Exact Solutions of the Klein-Gordon Equation for the Rosen-Morse type Potentials via Nikiforov-Uvarov Method

TL;DR

This paper derives exact solutions for the Klein-Gordon equation with Rosen-Morse type potentials using the Nikiforov-Uvarov method, including wave-functions, energy levels, and PT-symmetry considerations.

Contribution

It applies the Nikiforov-Uvarov method to obtain exact bound state solutions for Rosen-Morse type potentials in the Klein-Gordon framework, extending previous results.

Findings

Wave-functions and energy equations derived for Rosen-Morse potentials.

Results reduce to Rosen-Morse and Eckart potentials in special cases.
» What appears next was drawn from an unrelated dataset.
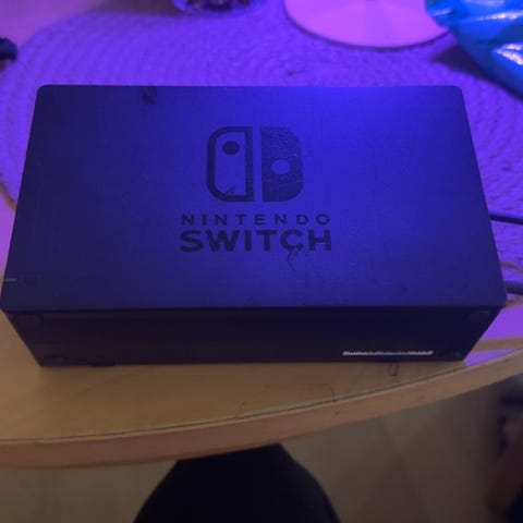 Nintendo Switch dokkingstasjon med original strømadapter. Dokk for tilkobling av Nintendo Switch-konsoll til TV via HDMI (HDMI-kabel ikke inkludert dersom ikke annet er oppgitt av selger). Strømadapteren kobles til dokken og gir strøm til både dokk og konsoll. Farge: svart. Passer til standard Nintendo Switch-modell som bruker denne typen dokk og lader.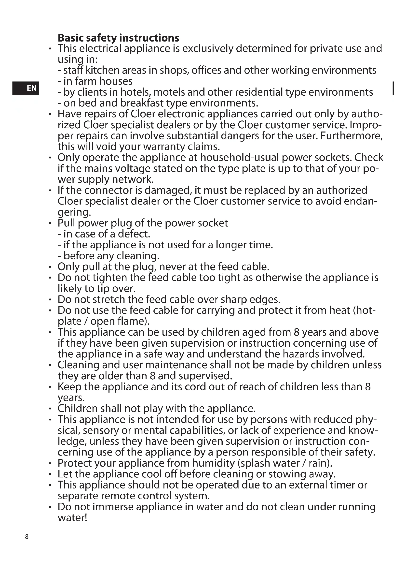 - Have repairs of Cloer electronic appliances carried out only by authorized Cloer specialist dealers or by the Cloer customer service. Improper repairs can involve substantial dangers for the user. Furthermore, this will void your warranty claims.

PT-symmetry properties of these potentials are analyzed.

Abstract

The exact solutions of the one-dimensional Klein-Gordon equation for the Rosen-Morse type potential with equal scalar and vector potentials are presented. First we briefly review Nikiforov-Uvarov mathematical method. Using this method, wave-functions and corresponding exact energy equation are obtained for the s-wave bound state. It has been shown that the results for Rosen-Morse type potentials reduce to standard Rosen-Morse well and Eckart potentials in the special case. The PT-symmetry for these potentials is also considered.